= Australian Youth Affairs Coalition =

The Australian Youth Affairs Coalition (AYAC) is the national peak body for young people and the youth sector in Australia. AYAC was founded in 2002 and is supported by a representative board of directors including young people and youth workers.

As the peak body, AYAC advocates for young people and provides assistance to the youth sector through training, networking and professional development opportunities.

== Objectives and vision ==
The organisation's aims are as follows:

- Represent the issues and interests of young people, and the sector that supports them, at national and international levels
- Offer policy advice to government and other organisations on issues that affect young people and the youth sector
- Promote the well-being of young Australians
- Advance the participation of young people in the community
- Support best practice in youth participation
- Take a leadership role within the youth sector
- Encourage and support coordination and cooperation within the sector

AYAC's vision is for an Australia in which young people are informed, empowered, encouraged and supported to participate in their communities. This includes ensuring that:

- Young people who have experienced disadvantage can access programs, services, advice and support to reach their full potential
- Young people participate with energy and enthusiasm in public debate, decision making and political process, creating the change they want to see in Australia
- Young people are supported by a vibrant and well-resourced youth support sector that delivers relevant and meaningful programs and opportunities across Australia
- The Australian youth sector is recognised as leading the way in innovative and effective youth engagement and participation strategies
- The community truly values and welcomes the ideas, opinions and experiences of young people in all spheres of community life.

== Funding ==

In 1998, the Minister for Youth Affairs (the Hon David Kemp MP) announced that the Australian Government would not renew AYPAC's contract but would instead fund the National Youth Roundtable as a way to engage young people. This decision was widely criticised at the time, including by the then Shadow Minister for Youth Affairs (Senator Kate Lundy) who accused the Government of being "incapable of debating issues on an intellectual level, preferring to use the muzzle instead".

In May 2007, the then Shadow Minister for Youth (Tanya Plibersek MP) announced that the ALP would establish a national peak body for youth if elected to government. Once elected to Government at the 2007 Federal Election, the ALP Government funded an initiative in their 2008-09 Budget which was launched in October 2008. At this launch, the Minister for Youth (Kate Ellis MP) announced that AYAC would be funded to the value of $400,000 per year as the peak body for youth affairs in Australia.
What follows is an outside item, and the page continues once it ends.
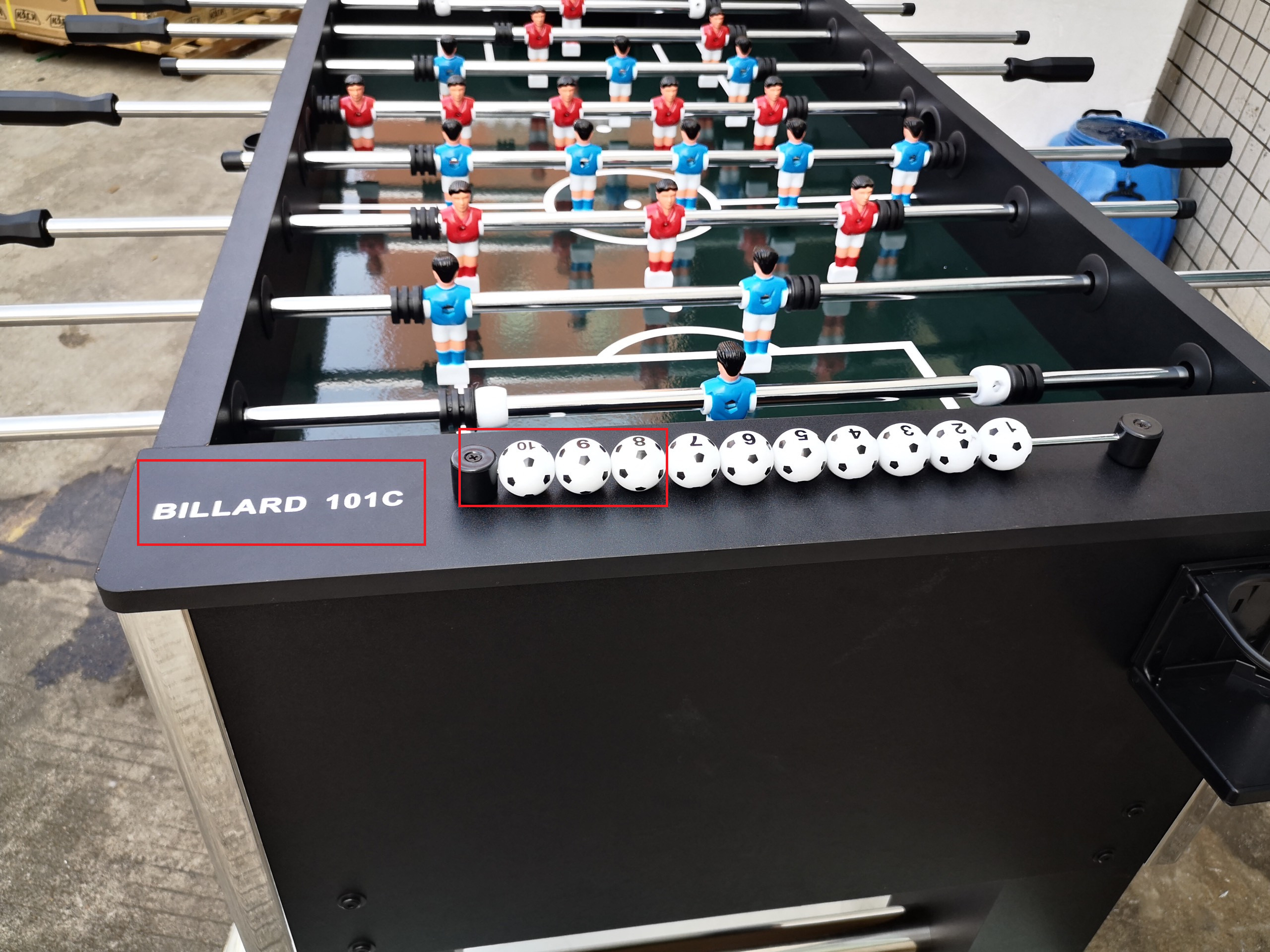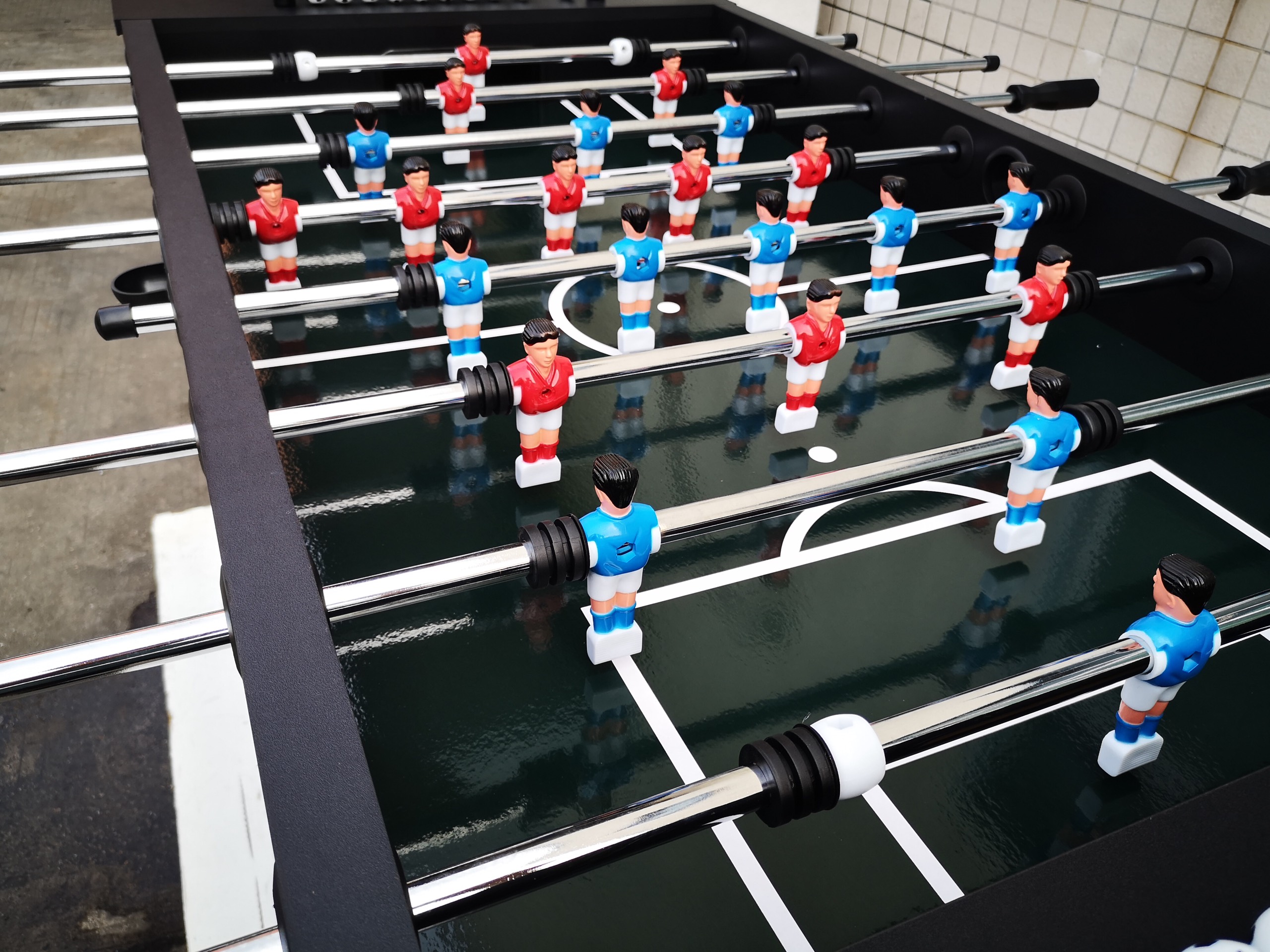 - Sản phẩm được thiết kế với 11 cầu thủ ở mỗi bên, phân biệt rõ ràng quân chơi với hai màu xanh nước biển và đỏ. Được chia thành 8 hàng xếp xem kẽ nhau. Mỗi bên có 1 thủ môn.

At the time, the Minister identified AYAC's role as "an independent voice and advocate of young people and the youth sector". The funding was subsequently withdrawn in the Abbott government's first budget.

In 2020, the Morrison government announced that $150,000 would be allocated to AYAC to boost its efforts to underline the issues affecting young people and to encourage wider participation.

== Governance ==
AYAC is governed by a Board of Directors including young people, and representatives from the youth sector across Australia. The work of AYAC is undertaken by a paid executive staff.